We all have different parenting ideas but rather than being judgmental and critical, how about quietly observing and learning from each other instead? Annie Ridout on how competition amongst mothers serves no purpose…
A friend has a son the same age as my daughter (three). In many ways, we have similar ideas about parenting: we both chose to breastfeed (and for the same amount of time), we give mostly healthy food – fruit, veg, fish, pulses – but don’t mind the occasional sugary treat. A combination of ‘attachment parenting’ and the opposite – leave them to it – suits us both.
However, there are certain boundaries I give my daughter that she doesn’t give her son; and vice versa. For instance, she will let him roam further when we are out walking, or go off on mini adventures at the park. While I tend to keep my daughter within eyeshot at all times.
She has her reasons; I have mine. We don’t criticise or judge each other, we simply ensure that we stick to our own parenting methods, as this is what works for us and each of our children.
It feels like rather than competing, we are watching and learning
But from time to time, we do discuss it. She talks me through her thinking – exposure to some risk, so that her child can begin to put into practice the safety guidelines she hopes to have instilled. I explain that I feel a watchful eye is necessary for my daughter at this age, as her behaviour can be erratic and unpredictable.

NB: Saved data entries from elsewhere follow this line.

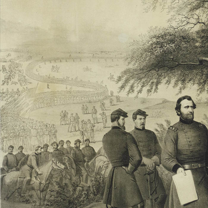 In this image, the artist took considerable license in portraying the event, showing the surrender taking place outdoors; the generals actually met inside a private home In the left foreground, Grant folds the document with the terms of surrender, while Lee extends a gloved hand toward him. They are each accompanied by a pair of aides who regard each other warily, and behind them Union and Confederate officers wait on horseback in the middle distance. Two long snaking line of thousands of soldiers stretch behind them into the distance, with the closest one, on the left, headed by a man carrying an American flag. In addition to this triumphant procession, the artist has added other symbolic propagandistic touches: the neatly groomed Union aides as apposed to the scruffy Confederates, and the scarred tree in the center, which is leafy on Grant’s side, but scraggly and missing most of its bark on Lee’s side. Indeed, according to the National Park Service, “there is no formal surrender document. The surrender was conducted through an exchange of two short letters. Grant’s was a mere five sentences long and Lee’s reply was only three very short, terse sentences. Aside from Grant and Lee, only Lt. Colonel Marshall and perhaps a half dozen of Grant’s staff officers were present for most of the meeting.”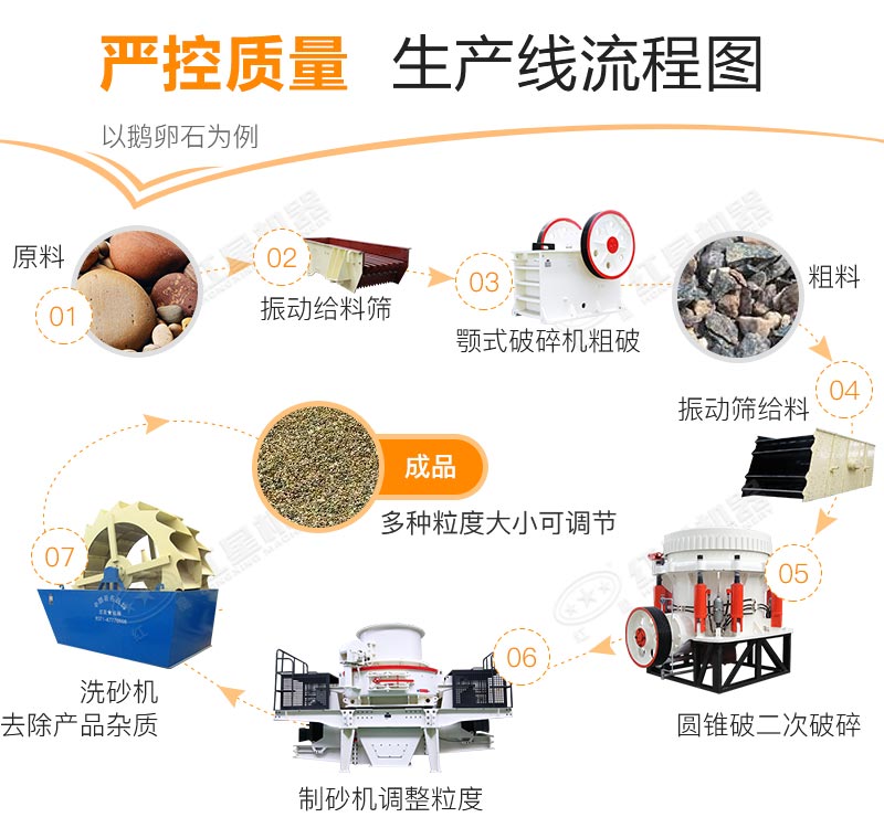 天然原石經(jīng)振動(dòng)給料機(jī)送入顎式破碎機(jī)內(nèi)進(jìn)行初步的破碎,經(jīng)過(guò)振動(dòng)篩篩選,合格部分繼續(xù)送入細(xì)碎機(jī)進(jìn)行打沙加工,對(duì)于粒度要求嚴(yán)格的生產(chǎn)線(xiàn),可以接入振動(dòng)篩,多重篩分能夠進(jìn)一步優(yōu)化成料品味,細(xì)化分級(jí),成品砂料品味更好,級(jí)配更合理。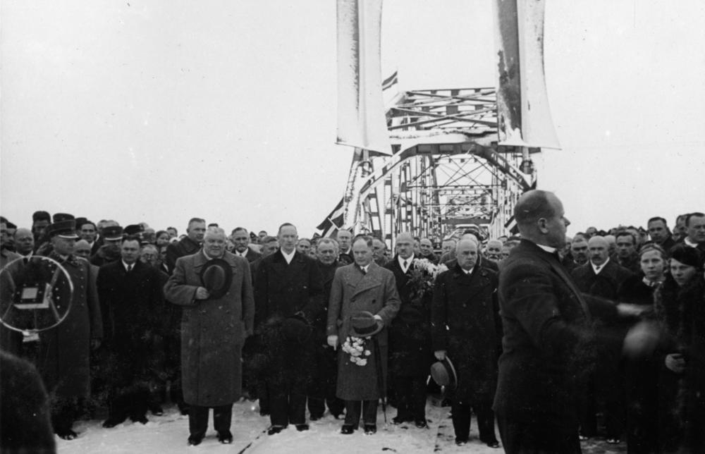 Krustpils-Jēkabpils dzelzceļa tilta svinīgajā atklāšanas ceremonija. Latvijas Valsts un Ministru prezidents Kārlis Ulmanis, viņu pavadošās personas un dzelzceļa tilta atklāšanas ceremonijas apmeklētāji Jēkabpilī klausās diriģenta Pētera Pakalna vadītā kora izpildīto dziesmu "Vadoņa suminājums".

We each go away and have a little think. I possibly loosen up a bit, she possibly tightens up a bit.
The reason I use this relationship – and these exchanges – as an example is because it never feels like a competition for who is the best mum. Or the most right. It feels like rather than competing, we are watching and learning.
Sometimes I may be surprised by a parent having different boundaries for their child. But I try not to say anything unless they ask. And even then – to keep it as non-judgmental as possible. And other parents will be shocked by my mothering – the food I feed my kids, the nappies I use, our sleep habits, and so on. But I am grateful when they, too, hold their tongue unless asked.

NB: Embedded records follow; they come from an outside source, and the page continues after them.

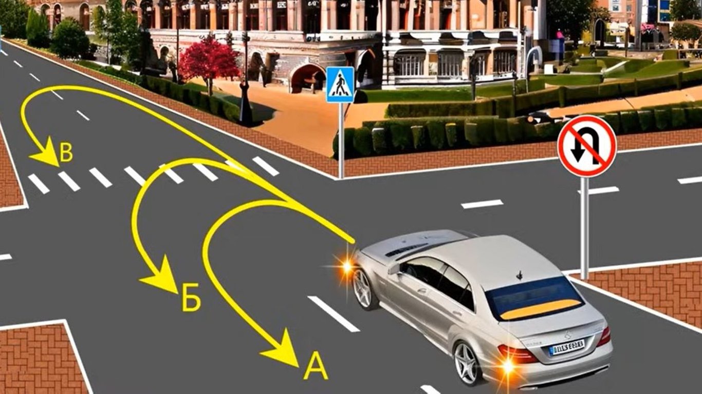 Отже, забороняється розворот на пішохідному переході — за траєкторією Б. А про заборону на розворот через місце зупинки маршрутного транспорту у правилах не йдеться.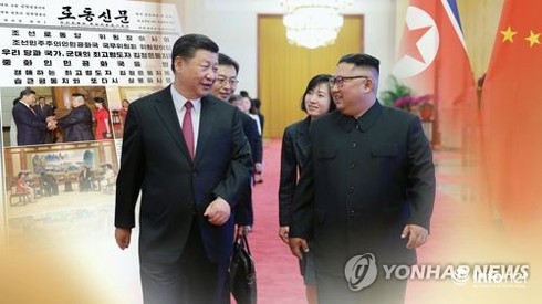 Nhà lãnh đạo Triều Tiên Kim Jong-un (bên phải) đã thực hiện chuyến thăm tới Trung Quốc lần thứ 3 hôm 19/6. |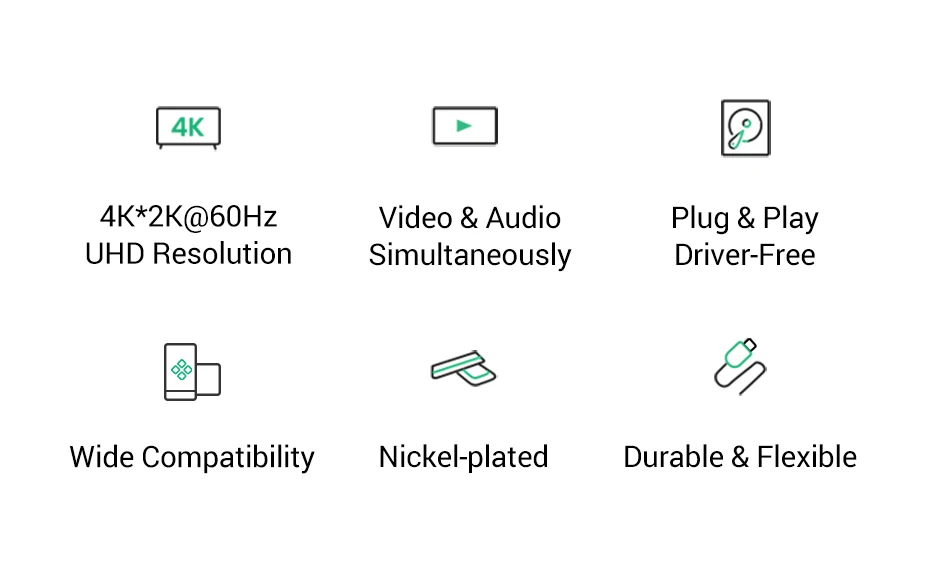 Resolución 4K * 2K @ 60Hz UHD • Vídeo y audio simultáneamente • Controlador Plug & Play-Free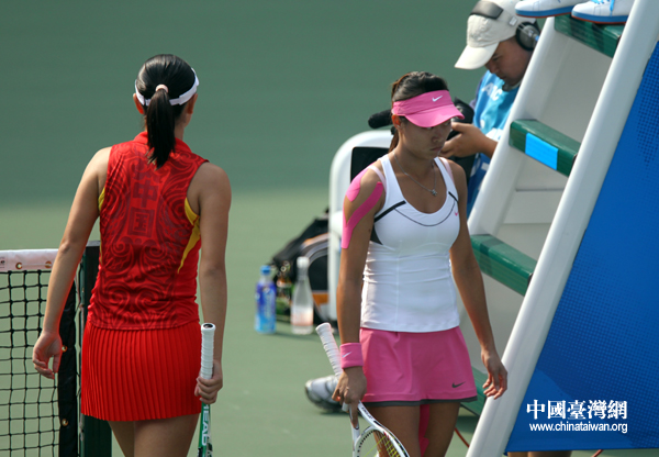 16日上午,第十六屆廣州亞運會女子網球團體賽決賽正在進行,中國隊與中華臺北隊爭奪冠軍。首場單打由中國隊選手彭帥對陣中華臺北隊選手張凱貞。身著紅色隊服者為彭帥。(中國臺灣網 鐘寶華 攝)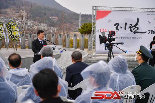 Á¤±â¸í ¿©¼ö½ÃÀåÀº ±â³ä»ç¿¡¼ ¡°Á¶±¹ ±¤º¹À» À§ÇØ °í±ÍÇÑ ¸ñ¼ûÀ» ¹ÙÃÄ Èñ»ý°ú Çå½ÅÀ» ¸¶´ÙÇÏÁö ¾ÊÀ¸½Å µ¶¸³¼±¿²² °í°³ ¼÷¿© °¨»ç¿Í °æÀǸ¦ Ç¥ÇÑ´Ù¡±¸ç ¡°¿ì¸®½Ãµµ µ¶¸³À¯°øÀÚ¸¦ Àû±Ø ¹ß±¼ÇØ ¸í¿¹¸¦ ȸº¹ÇØ µå¸®°í ¼±¾ç°ú º¸ÈÆ¿¡ ´õ¿í Èû¾²°Ú´Ù¡±°í ¸»Çß´Ù.

I’m a stickler for routine but love to hang out with friends who don’t have any routine
We are all giving it our best shot. Information for dealing with each stage – newborn, toddler, preschooler, school-aged, teenager – is picked up from various sources. We might read articles that give us parenting ideas, or books. Listen to a podcast. Chat with our parents or in-laws.
Sometimes we will hear about parenting ideas that totally conflict with our own. If we are not inspired to shift our values and methods, this insight may instead inspire us to stay strong and keep doing what we’re doing. It doesn’t mean anyone is right or wrong – it means we all have our own ideas and it’s for each parent to pave a path that suits them and their family.
So rather than only hanging out with mums who seem similar to me, I like to change it up. I’m a stickler for routine but love to hang out with friends who don’t have any routine, because it encourages me to drop the nap for a day and go with the flow, instead (and the tantrums that will inevitably ensue).
As mothers, we have so much to learn from each other. We don’t have to compete and judge and bitch; we can sit quietly, observe and learn. Everyone has their reasons for making the choices they do. We should respect other parents and their choices. And hopefully they will do the same in return.
Do you agree: is it better to watch and learn from other mothers, or is some competition healthy?